Personal information
- Full name: Clinton King
- Born: 24 March 1978 (age 48)
- Original team: Eastern Ranges
- Height: 179 cm (5 ft 10 in)
- Weight: 76 kg (168 lb)

Playing career^{1}
- Years: Club / Games (Goals)
- 1996–97: Sydney / 09 0(4)
- 1998–99: Collingwood / 22 0(9)
- 2000–03: Richmond / 58 (10)
- Total:  / 89 (23)
- ^{1} Playing statistics correct to the end of 2003.

Career highlights
- Harry Collier Trophy 1998;

= Clinton King =

Australian rules footballer (born 1978)

Clinton King (born 24 March 1978) is an Australian rules footballer who played for Sydney, Collingwood and Richmond in the Australian Football League (AFL).

Recruited from Eastern Ranges, King played five AFL games in 1996, the year Sydney made a drought breaking Grand Final appearance. He was traded to Collingwood in 1998 and the following season missed a lot of football after suffering a foot stress fracture.

Collingwood off-loaded King after the 1999 season, so they could get a ruckman in Steven McKee to their club. He broke a leg in his first year at Richmond but re-established his place in the team during the 2001 season and was a member of their finals campaign. King appeared in the Preliminary Final loss to Brisbane and performed admirably with 21 disposals.

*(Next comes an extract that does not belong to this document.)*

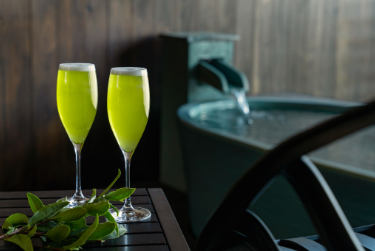 1つ目は、お部屋の新茶。この客室では到着時、就寝前、お目覚め時と、3つのシーンに合わせた新茶を楽しめます。2つ目は、地元の伝統工芸品でもある「遠州綿紬」を使ったお部屋の設え。遠州綿紬を製作するぬくもり工房では、すべての紬の柄に「富士」「利休」「秋茜」などの特徴的な名前がつけられ、柔らかな色合いと縞柄模様が特徴です。ぬくもり工房と界 遠州とで「新茶」柄を共同開発しました。クッションや寝具の一部などにもそのデザインを使用した本プランのお部屋の設えは、色鮮やかで、心安らぐ茶畑の風景を想起させます。3つ目は、新茶の湯上がり「ドラフトティー」。窒素を含ませたクリーミーな泡を付加したビールのような新茶を、お部屋の露天風呂で温まった後の、水分補給に提供します。「ドラフトティー」を通して他にはない贅沢な湯上がりを楽しめる、王道なのにあたらしい新茶体験です。

King headed to South Australian National Football League (SANFL) club South Adelaide in 2004 and won the club's best and fairest award, the Knuckey Cup. In 2005, he struggled with regularly being tagged and left the club and headed home to Melbourne at the end of the season. He is currently an assistant coach for Keysborough in the Mornington Peninsula Football League.

His father, Derek, was a league footballer at St Kilda, and Liston Trophy winner in the Victorian Football Association.